10 min readMar 28, 2024

Introduction

It’s hard to say when the journey of Natural Language Processing (NLP) began. According to the Wikipedia’s article ‘History of natural language processing’ [1], it may have started in the seventeenth century when Leibniz and Descartes attempted to understand the relationships between words in different languages or it may have been initiated by the work of Alan Turing, including his question “Can machines think? “ and his famous imitation game [2].

As we know, computer scientists are constantly pushing the boundaries of NLP, aiming to create machines that truly understand human language, from the development of basic rule-based chatbots such as Eliza in 1967, advancing to the invention of more sophisticated deep learning approaches [3]. Figure 1 illustrates a rough timeline of Large Language Models (LLMs). In 1967, the first chatbot, Eliza was created. It used pattern matching and keyword recognition to simulate human language understanding [3]. In 1997, the Long Short-Term Memory (LSTM) networks were invented [4]. LSTMs are a deep learning approach that considers the sequential nature of language and has the ability to remember or forget information to improve language understanding. Today, LSTMs remain a valuable tool and a good choice for tasks involving sequential data. The development continues, with the biggest breakthrough occurring in 2017, Google’s groundbreaking transformer architecture ushered in a new era of natural language processing and understanding [5].

**Figure 1**: The timeline of LLMs development.

Today, progress in LLMs is happening at lightning speed. High competition drives innovation, with new breakthroughs emerging daily. Figure 2 illustrates the ongoing development of LLMs in the modern world. As the figure shows, the era began with models like BERT, GPT-2, GPT-3, and PaLM. The new releases of LLM models have even higher performance and larger numbers of parameters. We can now confidently assert that these efforts have yielded significant accomplishments, evidenced by the capabilities demonstrated by models like Google’s Gemini or GPT-4.

**Figure 2**: The Rise and Rise of LLMs & their associated bots [6]

Ready to get technical? This article explores a deep dive into transformers, the core technology behind cutting-edge language models, and examines the mechanism behind GPT. Let’s unlock the mysteries of how machines are learning to speak our language!

From Transformer to LLMs

LLMs represent a significant advancement in the field of natural language understanding, building upon the foundation of traditional tasks which are fundamentally sequence modeling problems. In written and spoken language, words are arranged in a specific order to convey meaning. This sequential structure is crucial for understanding the relationships between words and the overall context of a sentence or text. For example, in English, the word order is typically subject-verb-object in simple sentences, such as

“The cat (subject) chases (verb) the mouse (object).”

Changing the word order can alter the meaning of the sentence. In more complex sentences, the sequential nature of language becomes even more important for understanding the relationships between different parts of the sentence.

In sequence modeling, the goal is to understand and generate sequences of tokens (words, characters, etc.) in a coherent and meaningful way.

Here are some examples of NLP problems that can be considered as sequence modeling tasks:

Machine Translation: In machine translation, the goal is to convert a sequence of words from one language into another language.
Named Entity Recognition (NER): NER is the task of identifying and classifying named entities (such as person names, organization names, etc.) in a text.
Part-of-Speech (POS) Tagging: POS tagging involves assigning a part-of-speech tag (such as noun, verb, adjective, etc.) to each word in a sentence.
Text Generation: Text generation tasks involve generating sequences of text that are coherent and contextually relevant.
Sentiment Analysis: Sentiment analysis involves determining the sentiment (positive, negative, neutral) of a piece of text.

In all of these cases, the fundamental task is to model the relationships between the elements in a sequence (words, characters, etc.) in order to understand the underlying structure and meaning of the text.

Before the era of the transformers, there were several state-of-the-art approaches that addressed this sequential behavior, such as recurrent neural networks (RNNs), long short-term memory (LSTM), and gated recurrent units (GRUs).
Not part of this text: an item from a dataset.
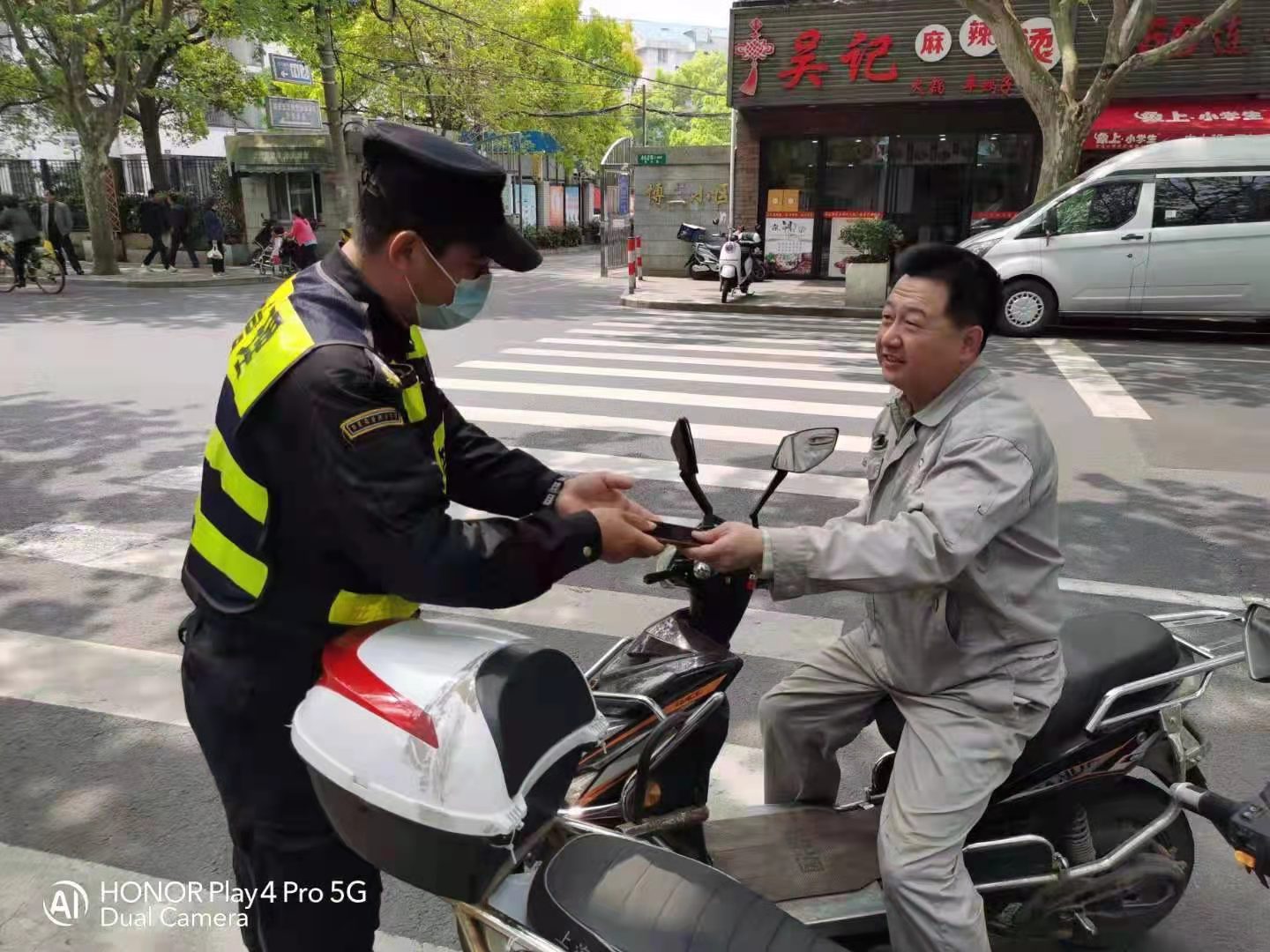 當日,王續光在高行鎮高南衛生院大門(mén)口測溫值勤時(shí),在門(mén)口花壇邊撿到一部手機,便上報給隊長(cháng)。因考慮到手機可能是打疫苗的居民遺失的,隊長(cháng)就讓他在原地等待。大約半個(gè)小時(shí)后,有個(gè)中年男子前來(lái)尋找,經(jīng)過(guò)密碼驗證解鎖手機后,王續光便將手機歸還給他。

These techniques lead to performance improvement; however, some challenges remained, such as:

Difficult parallel computing: Traditional sequence transduction models based on RNNs process input sequences sequentially, limiting parallelization and leading to long training times.
Information loss for long sequences: RNNs, which are commonly used in sequence transduction tasks, struggle to capture long-range dependencies in sequences due to the vanishing gradient problem. This is because, by their mechanism, they tend to assign lower relevance to words that are farther away in longer sentences.
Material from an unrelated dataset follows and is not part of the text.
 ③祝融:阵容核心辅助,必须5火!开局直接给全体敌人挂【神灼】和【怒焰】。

The transformers use attention mechanisms that allow it to capture relationships between words in a sequence parallelly, significantly reducing computation time. The attention mechanism also allows the model to attend to all positions in the input sequence, enabling it to capture long-term dependencies more effectively.

Transformers

The transformers are a class of neural network architecture introduced in the paper ‘Attention is All You Need’ [7]. As the name suggests, the transformers are a model that relies entirely on attention mechanisms to compute representations of its input and output without using sequence-aligned RNNs or convolution.

What is Attention ?

Attention, as the name suggests, tells the model which parts of the information to focus on to create a contextual representation of language. The attention mechanism is a function that calculates the importance of each piece of information (token in the context of language models). It takes two inputs: a query (question) and a list of information represented as key-value pairs. The output is a weighted combination of these information elements, where the weight assigned to each piece reflects its relevance to the query. This relevance is determined by a compatibility function that compares the query to each information item.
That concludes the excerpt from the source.